The poet drinks a liquor that was actually never brew, a liquor that does not exist if not in the imaginary world of the author. This is the summa of Dickinson's paradigm, concreteness that comes from abstraction. This is the utmost power of the poet, the ability of knowing the unknown, of seeing the unseen, of writing the unwritten.
The poet lets her imagination flow towards the myth and the transgression of legendary bacchanals, towards what for her was outlandish and enchantingly appealing. She sees precious Tankards from a distant Germany, where the masters of distillation and drunkenness stereotypically were placed. These Vats from the Rhine that probably only a few Germans know, and a fewer ever tasted.

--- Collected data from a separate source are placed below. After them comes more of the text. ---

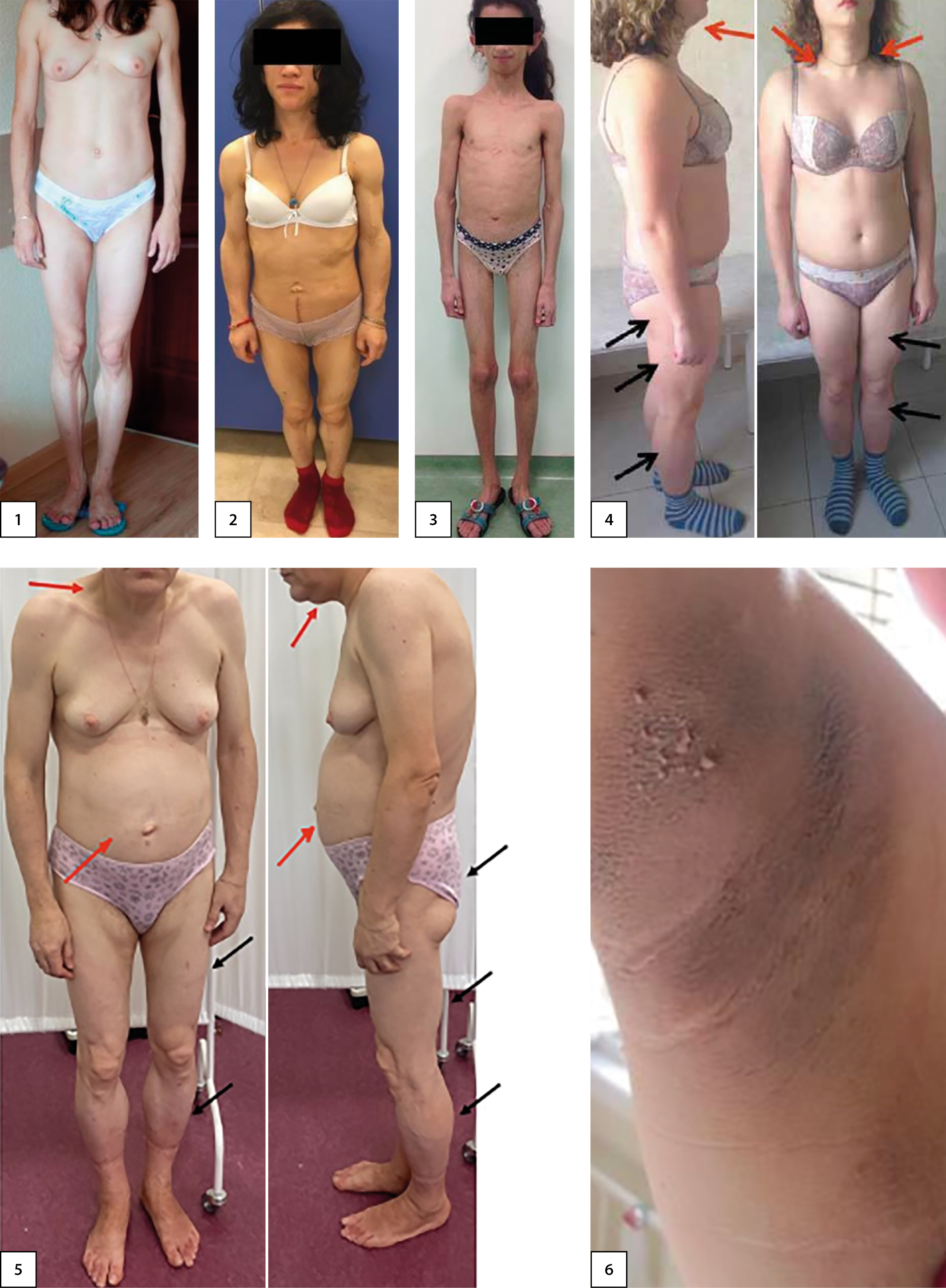 1. Рисунок 1. Фенотип пациенток с различными формами наследственных липодистрофий (из архива ГНЦ РФ ФГБУ «НМИЦ эндокринологии им. академика И.И. Дедова» Минздрава России). На 1 и 2 фотографиях — пациентки с генерализованными липодистрофиями, фотография 3 — атипичный прогероидный синдром (мутация в гене LMNA), фотографии 4 и 5 — пациентки с семейными парциальными липодистрофиями, фотография 6 — acanthosis nigricans подмышечной впадины. Красной стрелкой обозначены зоны липогипертрофии; черной — зоны липодистрофии. | |
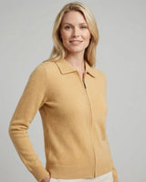 Suéter Polo-Zip Feminino Laranja 100% Cashmere
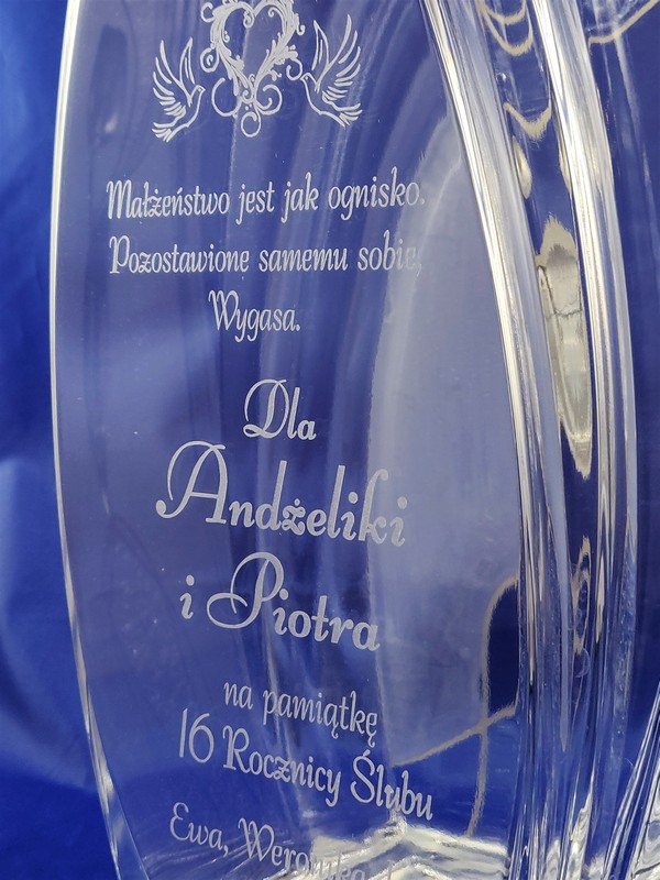 Na wazonie wykonany jest grawer ozdobnych grafik i dedykacji na pamiątkę uroczystości rocznicy ślubu.
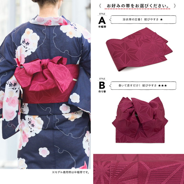 帯は、体に巻いて後ろで結ぶタイプの半幅帯、または作り帯からお選びいただけます。モデル着用は半幅帯です。
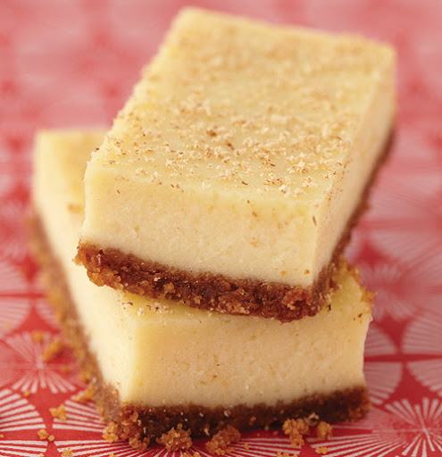 I was raised in a Jewish family in Los Angeles, so I didn't celebrate a white Christmas," Elizabeth Colling says. But there was always eggnog. "I just love that flavor." She worked the holiday drink into cheesecake bars, dense on the bottom, silken on top. She spikes them with brandy for a grown-up taste and dusts them with fresh nutmeg.
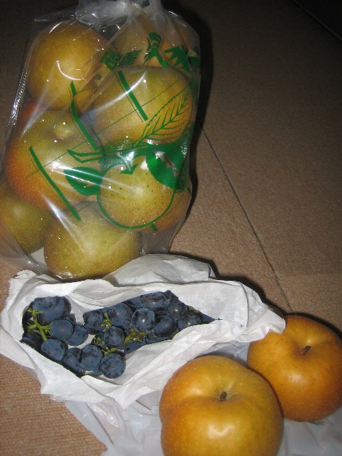 おまけにもらったこの熟れ過ぎた梨2ヶとぶどう、食べてみたけど確かに柔らかめだけどラフランスみたいで美味しかったよん。

But Dickinson declares the truth at the beginning of the second stanza. She is drunk of air and the only debauchery that she knows comes from dew. Her summer days are endless, presumably quite ordinary, and the only Inns she can attend are those offered by a bright blue sky. Alcohol? Not a single trace. She is drunk of nature, of pureness, of simplicity. Yet a simplicity that is rich and mincing, as nature can be to the eyes of the poet.
This is the joy and the torture of the author. For she will keep on drinking this 'poison' until the end of time, until the foxgloves will stop blooming and the butterflies will no longer collect pollen from the flowers. The addict Bee will be drinking more and more from the copious source.
The fourth and last stanza brings us to an upper level. We leave the Inns, the Rhine, the human dimension and limits, and we gaze up the sky, where benevolent Seraphs will shake the clouds or let the snow fall to greet the author and approve her behavior. This mention to the Seraphs and to Saints in the following verse shows that the poet is far far distant from common drunkenness and vulgar sinners.
Her drinking is spiritual, transcendental, metaphorical. It has to do with nature, with a religious approach to the concreteness of the objects and the inconsistency of the ideas.
Is she really happy about this? Happy to lean again the sun, as if she really were a tippler? Maybe yes, if we surrender to the thought that she was not 'just' a naive girl dreaming about the outside world built up in elegant yet unreal images, but a true rebel visionary, capable of getting drunk of her imagination.